We're not going to put too fine a point on it: These are devastating times for women and other marginalized groups of Americans. But now is not the time to withdraw. Rather, draw inspiration from the words of these 15 brilliant women, find hope in the power of our collective strength, and be called to action by the injustices in the world.
Ida B. Wells-Barnett: “One had better die fighting injustice than die like a dog or a rat in a trap."
Shirley Chisholm: “You don't make progress by standing on the sidelines, whimpering and complaining. You make progress by implementing ideas.”
Angela Davis: "I think the importance of doing activist work is precisely because it allows you to give back and to consider yourself not as a single individual who may have achieved whatever but to be a part of an ongoing historical movement."
Hannah Arendt: "The sad truth is that most evil is done by people who never make up their minds to be good or evil."
Malala Yousafzi: "I raise up my voice—not so I can shout, but so that those without a voice can be heard... we cannot succeed when half of us are held back."
Michelle Obama: "Choose people who will lift you up... Find people who will make you better."
bell hooks: “I will not have my life narrowed down. I will not bow down to somebody else's whim or to someone else's ignorance.”
Gloria Steinem: "Law and justice are not always the same. When they aren't destroying the law may be the first step toward changing it."
Fannie Lou Hamer: "There is one thing you've gotta learn about our movement. Three people are better than no people."
Hillary Rodham Clinton: "Loss hurts. But please never stop believing that fighting for what’s right is worth it."
Kamala Harris: "We must not despair. We must not be overwhelmed or throw up our hands. It is time to roll up our sleeves and fight for who we are."
Toni Morrison: "The function of freedom is to free someone else."
Eleanor Roosevelt: "A woman is like a tea bag—you never know how strong she is until she gets in hot water."

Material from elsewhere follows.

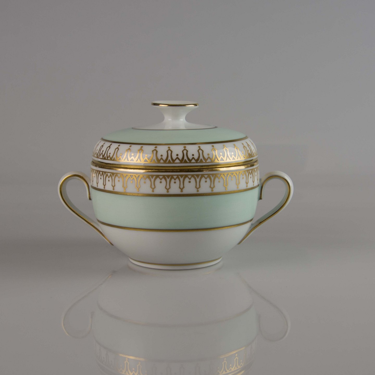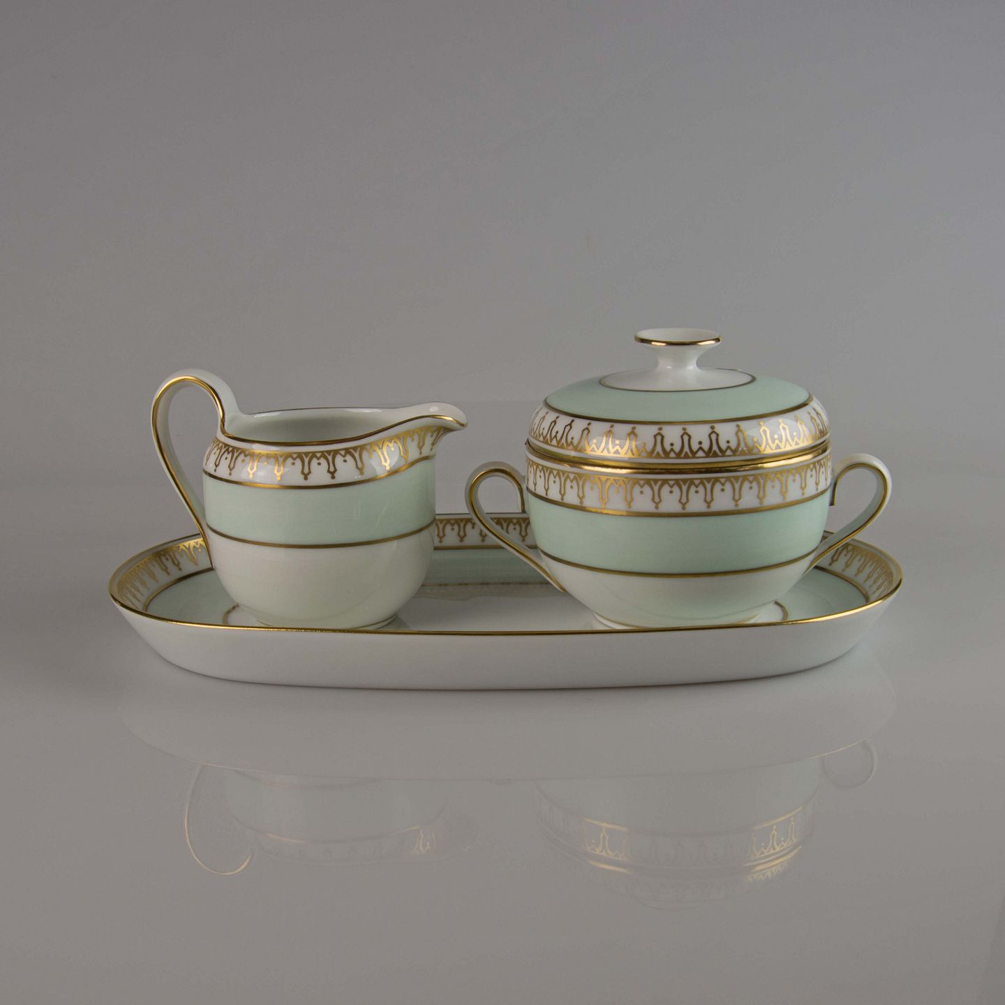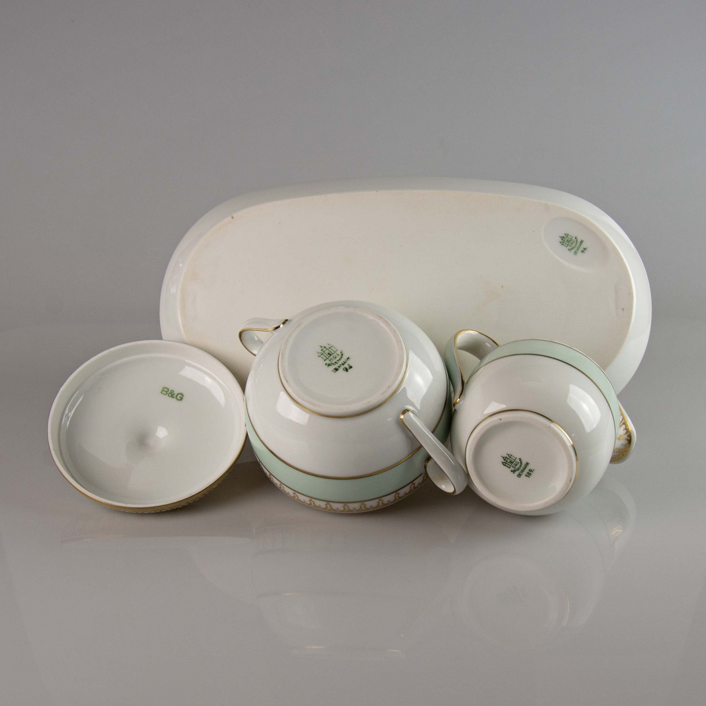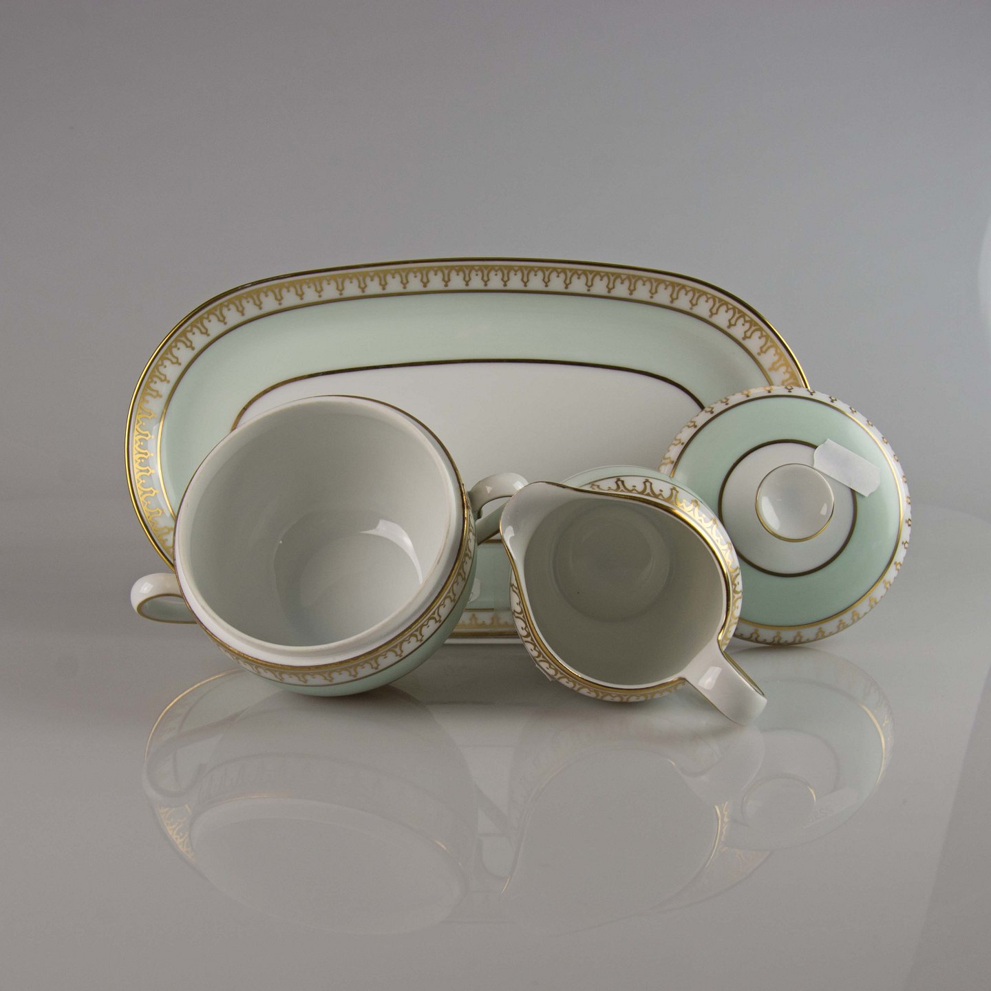 Stel i hvidt porcelæn med lysegrøn kant og gylden dekoration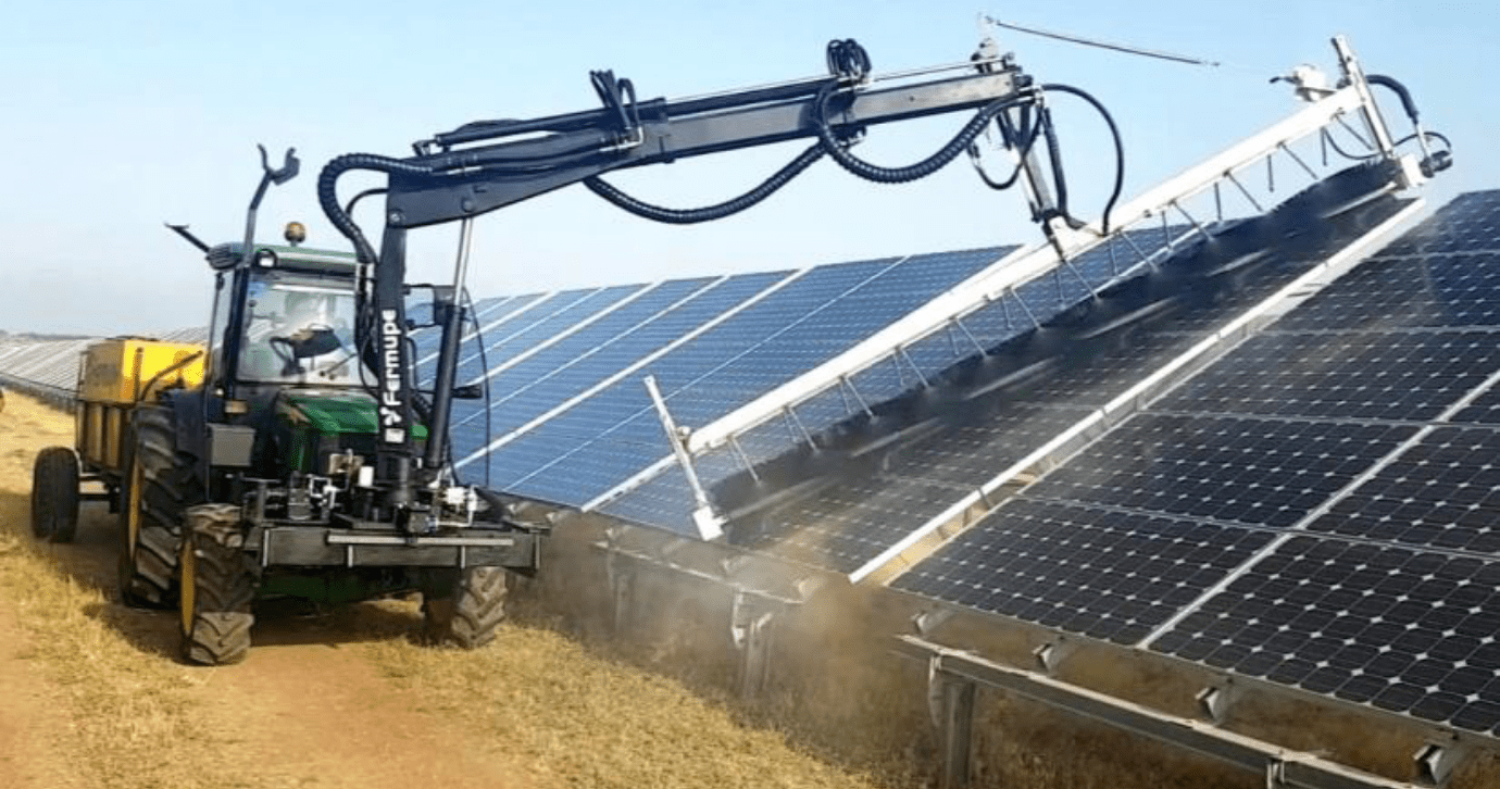 > Limpieza de módulos fotovoltaicos por contacto mediante cepillos rotativos de poliamida

Maya Angelou: "You may encounter many defeats, but you must not be defeated. In fact, it may be necessary to encounter the defeats, so you can know who you are, what you can rise from, how you can still come out of it."
Chimamanda Ngozi Adichie: "Some people ask: 'Why the word feminist? Why not just say you are a believer in human rights, or something like that?' Because that would be dishonest. Feminism is, of course, part of human rights in general—but to choose to use the vague expression human rights is to deny the specific and particular problem of gender. It would be a way of pretending that it was not women who have, for centuries, been excluded. It would be a way of denying that the problem of gender targets women.”